August 13, 2024

Top 5 Strategies for Managing Cloud Costs

7 min read

Cloud computing has changed the way businesses operate, offering unparalleled flexibility, scalability, and cost efficiency. However, with these benefits come the challenges of managing and optimizing costs in highly-dynamic environments like AWS, Azure, Google Cloud (GCP), and Kubernetes. 

This post will talk about five actionable strategies and tools that DevOps engineers and FinOps practitioners can focus on today to improve the efficiency of their cloud infrastructure without compromising the end-user experience.

Understanding Cloud Cost Observability

Cloud cost observability is the practice of monitoring, analyzing, debugging, and controlling cloud costs over time to ensure optimal resource utilization – both technical and personnel-wise. Cost observability is crucial for finding opportunities to optimize your cloud, creating more accurate financial forecasts and budgets, and driving more informed business decisions based on unit economics. 

Compute costs are a significant part of cloud spending. For most DevOps and FinOps teams, compute costs are a key area to start monitoring and actioning in order to drive significant cloud savings. Tools like Amnic or native cloud provider tools like AWS Cost Explorer, Azure Cost Management, and GCP Cost Management provide insights into spending patterns and help organizations pinpoint areas for improvement.

Cloud cost observability is essential for visualizing and understanding exactly how cloud investments are returning value. Cost observability tools at the most basic level provide dashboards and reports that highlight cost drivers and usage patterns. On top of these tools, organizations can set budgets, track spending against cloud resource performance and usage, recommend optimization actions, and even receive alert notifications when anomalous costs pop up. Cloud cost observability drives a more proactive approach, helping you identify and address cost surges before they become larger issues.

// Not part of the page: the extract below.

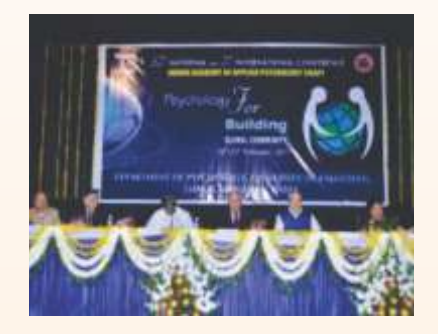
Glimpses from the International Conference by Department of Psychology, UOR on Psychology For Building Global Community, 23rd -25th February, 2017

The faculty members and researchers of the department have also made significant research contribution in these fields and are also involved in development of Psychological Measurement Devices. The Department is well-known for its excellence in academic and research programs in various areas of Psychology. A significant number of alumni of this Department are working on high positions in National and International Institutes as well as in Government Administrative services. The Department attracts students from Rajasthan and outside, including International students. The Department has been a recipient of various Grants from National agencies including UGC.

The Top 5 Strategies for Managing Cloud Computing Costs

1. Rightsizing Compute Resources

Rightsizing involves adjusting the size of compute resources to match the actual needs of applications and workloads. This practice prevents over-provisioning and under-provisioning, leading to substantial cost savings. For example, a cloud-native organization can leverage tools like Recommendations to analyze usage patterns and recommend optimal instance types and sizes.

  • AWS Rightsizing Tools and Techniques

AWS provides services such as AWS Compute Optimizer and AWS Trusted Advisor that can provide recommendations for optimal AWS instance types and sizes based on historical usage patterns. These tools analyze historical data to suggest resizing (larger or smaller) or to change instance types if a different instance would be a better match for a given workload.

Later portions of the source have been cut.